When I get to the final step I get the following error message:

Command '['FastTree', '-quote', '-nt', '/tmp/qiime2-archive-4dezq9v8/0
0d76262-d31c-4a55-b6f8-471182bbd1e4/data/aligned-dna-
sequences.fasta']' returned non-zero exit status 1

jairideout · October 9, 2017, 10:59pm

Hi @Biancabrown! Which release of QIIME 2 do you have installed? You can find that info by running qiime info. My guess is that you're running into a bug with MAFFT that we fixed in the 2017.8 release:

Biancabrown · October 10, 2017, 12:45pm

Hello,

I download the latest version to my laptop and ran it again. Still getting a similar message. Is there a way to stream line the process dada2(r version) to Qiime2. I think the problem is that something is going wrong with my conversions.

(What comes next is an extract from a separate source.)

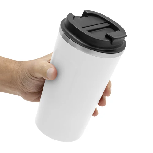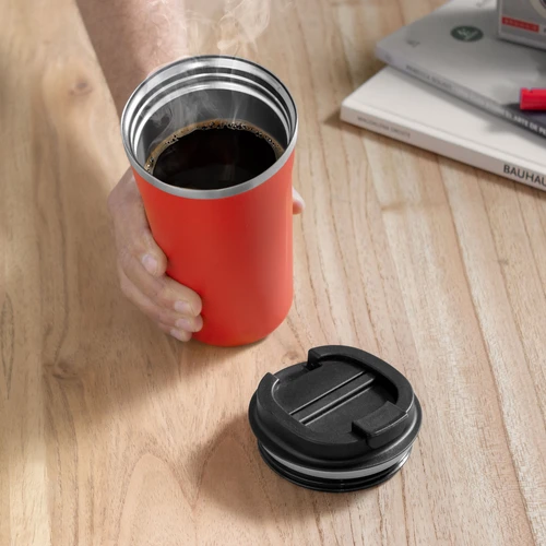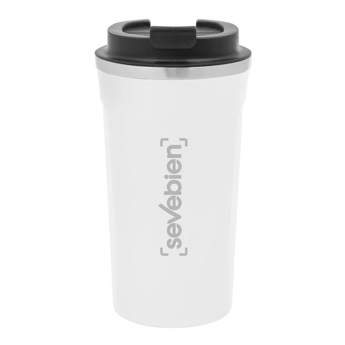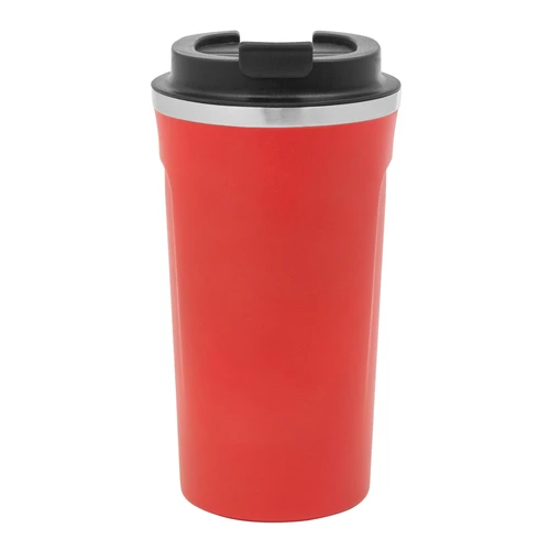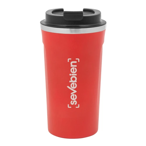 Ø 9 x 16,5 cm. Capacidad 500 ml. Acero Inoxidable. Mug doble pared, sellado al vacío. Interior acero 304 y exterior acero 201. Tapa plástica a rosca con seguro hermético antiderrame. Pintura Powder Coat (pintura mas duradera y resistente a la corrosión y el paso del tiempo).Mantiene hasta 8 hs la temperatura de las bebidas calientes y hasta 12 hs la de las bebidas frías. Presentación en caja de regalo.

ebolyen · October 10, 2017, 7:18pm

I'm afraid q2-dada2 is really the only well supported way of doing this at the moment.

That's possible, would you be able to send me your imported artifacts in a direct message on the forum? I'd like to double check the MAFFT situation to make sure there isn't something we don't know about going on.

Thanks!

system · November 11, 2017, 1:18am

This topic was automatically closed 31 days after the last reply. New replies are no longer allowed.

ebolyen · December 22, 2017, 5:52pm

QIIME 2 2017.12 has been released and uses DADA2 1.6 which has explicit SSE vectorization for much better performance!